Over the next few weeks, AJ will be busy with sports and piano lessons and camps, including two weeks at the camp for gifted kids he attended last summer. I was, unfortunately, too late to sign him up to get the fabulous physics teacher he had last summer, who this year is teaching their most popular computer gaming course. But he'll be taking art, science and geometry, and he's very excited about it all.

Monday, June 1, 2009

Testing roundup

Today AJ finished what I believe is the last standardized testing for the year. Since this time last year, AJ has taken the KTEA-I (Kaufman Test of Eductaional Achievement, 2nd edition, brief form), KBIT-2 (Kaufman Brief Intelligence Test Second Edition), CTD Inventory (Center for Talent Development, Northwestern University), the Gates-McGintie Reading Test, the Darrell Morris Developmental Spelling Test, the ISEL (Illinois Snapshots of Early Literacy), the OLSAT (Otis-Lennon School AbilityTest), WISC-IV (Wechsler Intelligence Scale for Children – Fourth Edition), and ITBS (Iowa Tests of Basic Skills). Hard to believe at this point that I was, not all that long ago, testing averse.

Why am I no longer testing averse? It comes down to circumstances. I don’t see the point in intelligence testing for children unless you are trying to accomplish something – get into a program, get services needed at school, etc. And while I hate seeing schools teaching to the test, as a teacher, I also know the value of good student evaluation. It helps a lot to know what your students are getting and not getting. I love giving tests because it gives me a ton of information (I still hate writing and grading them, though. Well, not hate, exactly. More like resent the time they take.)

Of the tests above the first three (KTEA-I, KBIT-II & CTD) were administered in a single one-hour session. We elected and paid for that one to get AJ into a summer program that, ironically, we ended up not doing because of the test – we discovered just how awful the commute would be when driving there. The WISC-IV was the only other one that we elected, and that was to get AJ into the gifted program after a subpar showing on the OLSAT. All the rest of the tests were administered by AJ’s school. I’m thinking his file is going to need its own cabinet by the time he graduates.

But tests are designed to accomplish something. If you are just fishing for information, I don’t think you’ll get your money’s worth. You need to know what you need to know.

Then there’s the issue of the IQ number. We’ve deliberated about this. My feeling is that no one should know his own IQ. It can limit you or intimidate you when really, the number is a description (and not a very nuanced one at that) of a moment in time.
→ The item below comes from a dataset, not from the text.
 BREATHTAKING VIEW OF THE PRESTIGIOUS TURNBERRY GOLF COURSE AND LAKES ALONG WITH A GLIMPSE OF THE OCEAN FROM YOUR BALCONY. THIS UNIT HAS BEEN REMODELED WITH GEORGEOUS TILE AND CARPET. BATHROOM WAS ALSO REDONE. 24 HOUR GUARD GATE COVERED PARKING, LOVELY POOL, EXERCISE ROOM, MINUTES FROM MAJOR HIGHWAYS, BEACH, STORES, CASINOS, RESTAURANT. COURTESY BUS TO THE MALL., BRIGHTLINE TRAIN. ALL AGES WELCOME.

It’s not a solution to anything.

AJ wants to know what his IQ is. I can understand the frustration of having someone know something about you that you don’t know. It’s why I wanted to know, when I was pregnant with AJ, whether he was a boy or a girl. I didn’t like the idea of my doctor having information that I didn’t. But in this case, I can’t see anything good that can come out of him knowing the number. He could brag about it. He could feel like he’s not living up to it. He could even be disappointed by it. Right now, it could be anything. And moreover, since he hit the test ceiling, we don’t even know for sure what that number is. We could sign him up for more testing, but what is the point? We know what we need to know.
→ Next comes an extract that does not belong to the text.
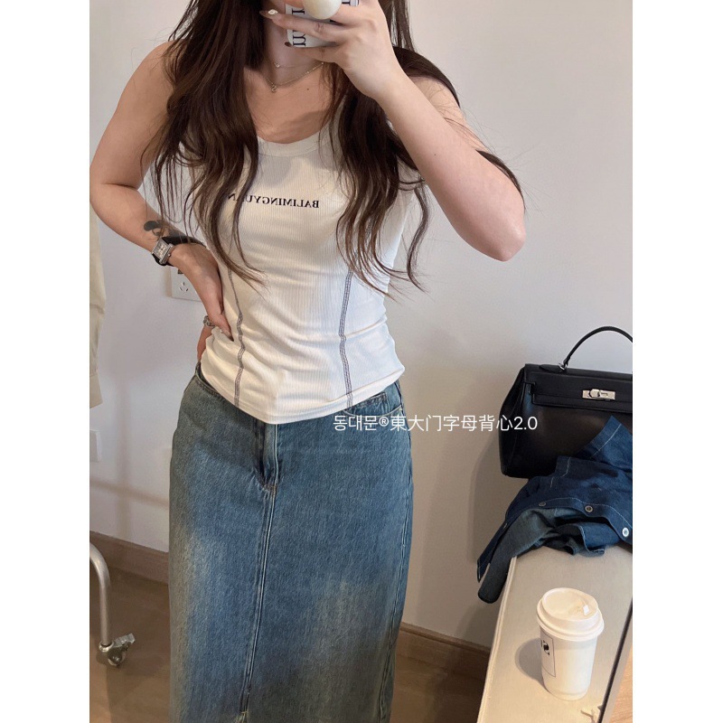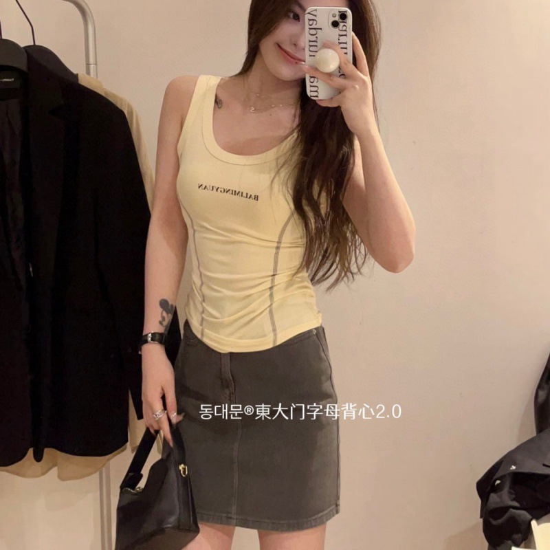东大门字母背心2.0夏季新款修身显瘦遮副乳高弹内搭外穿无袖上衣

But I didn’t like the idea of holding out on AJ. So I told him that I’d tell him what it is on the day he graduates from college. I plan to stick to my side of the bargain. But only if he remembers to ask me.

We are all looking forward to a break from testing for the summer. Now we just have to wait for the rest of the scores to come in.

What about you? What are your thoughts on testing? Where do you stand?